Once the line with "Włącznik dotykowy podwójny" is found, repeat it and all later lines exactly through the end of the listing below, with the pictures left out.

[Opening Data extract section]

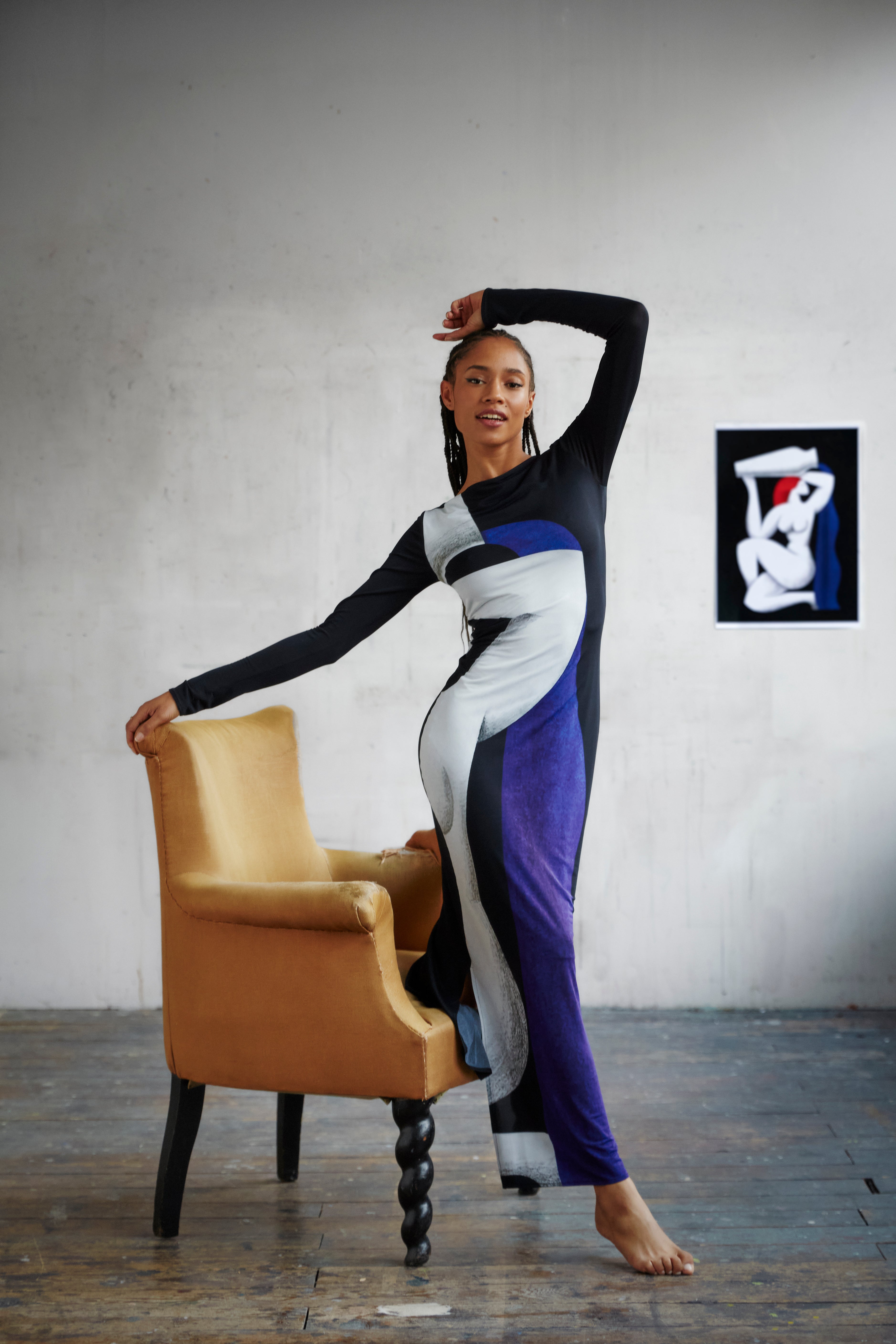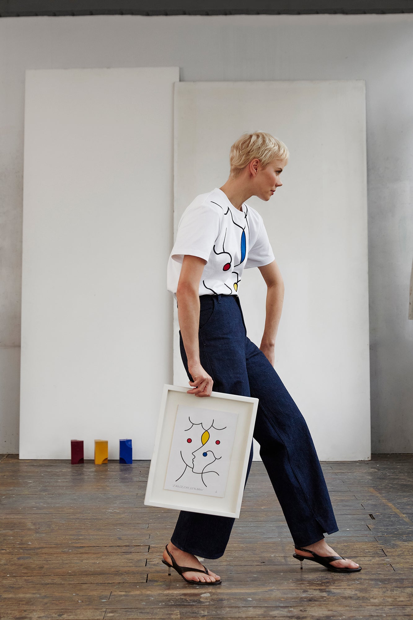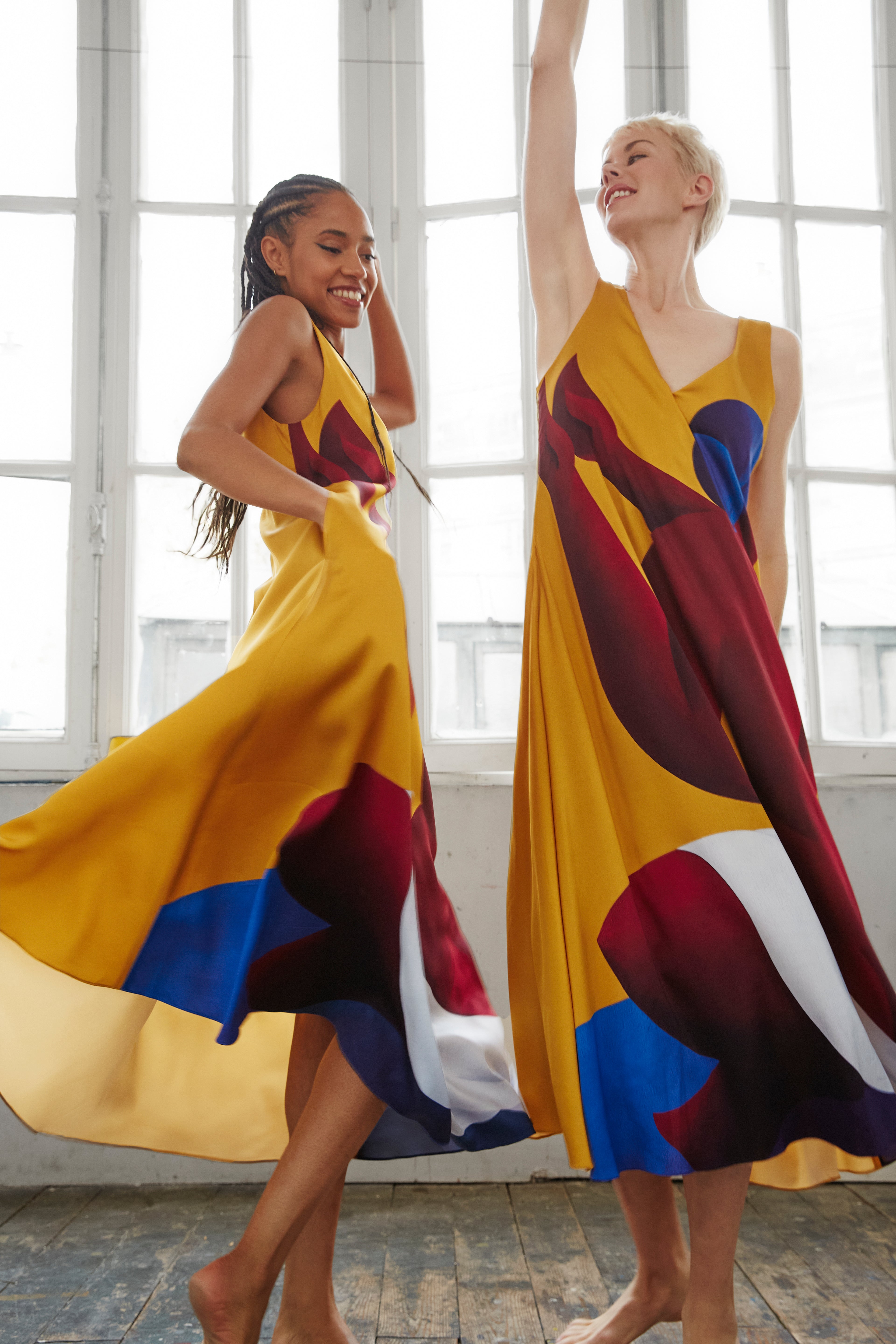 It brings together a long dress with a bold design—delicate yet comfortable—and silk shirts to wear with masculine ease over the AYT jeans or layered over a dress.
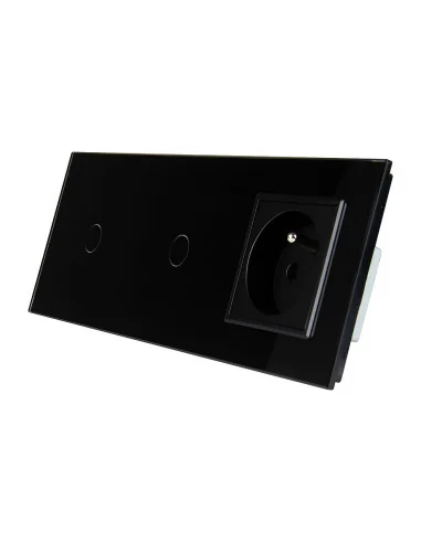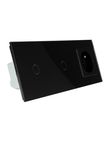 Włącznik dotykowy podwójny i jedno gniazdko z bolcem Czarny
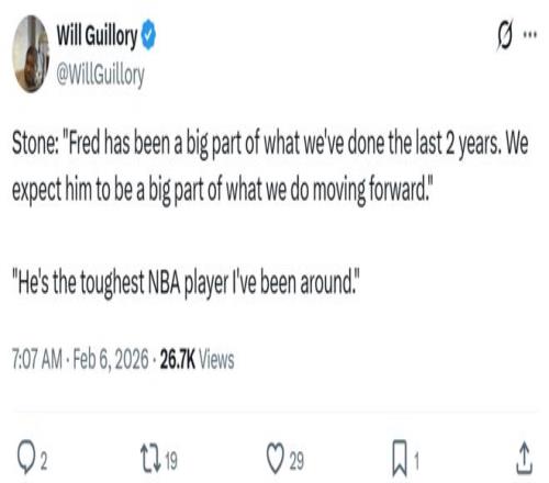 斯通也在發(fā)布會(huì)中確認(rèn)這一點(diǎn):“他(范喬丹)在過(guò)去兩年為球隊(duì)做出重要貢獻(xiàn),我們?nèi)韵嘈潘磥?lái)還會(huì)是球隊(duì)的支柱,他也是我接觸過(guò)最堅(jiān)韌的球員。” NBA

[Closing Data extract section]

Output for this task —
 Włącznik dotykowy podwójny i jedno gniazdko z bolcem Czarny
 斯通也在發(fā)布會(huì)中確認(rèn)這一點(diǎn):“他(范喬丹)在過(guò)去兩年為球隊(duì)做出重要貢獻(xiàn),我們?nèi)韵嘈潘磥?lái)還會(huì)是球隊(duì)的支柱,他也是我接觸過(guò)最堅(jiān)韌的球員。” NBA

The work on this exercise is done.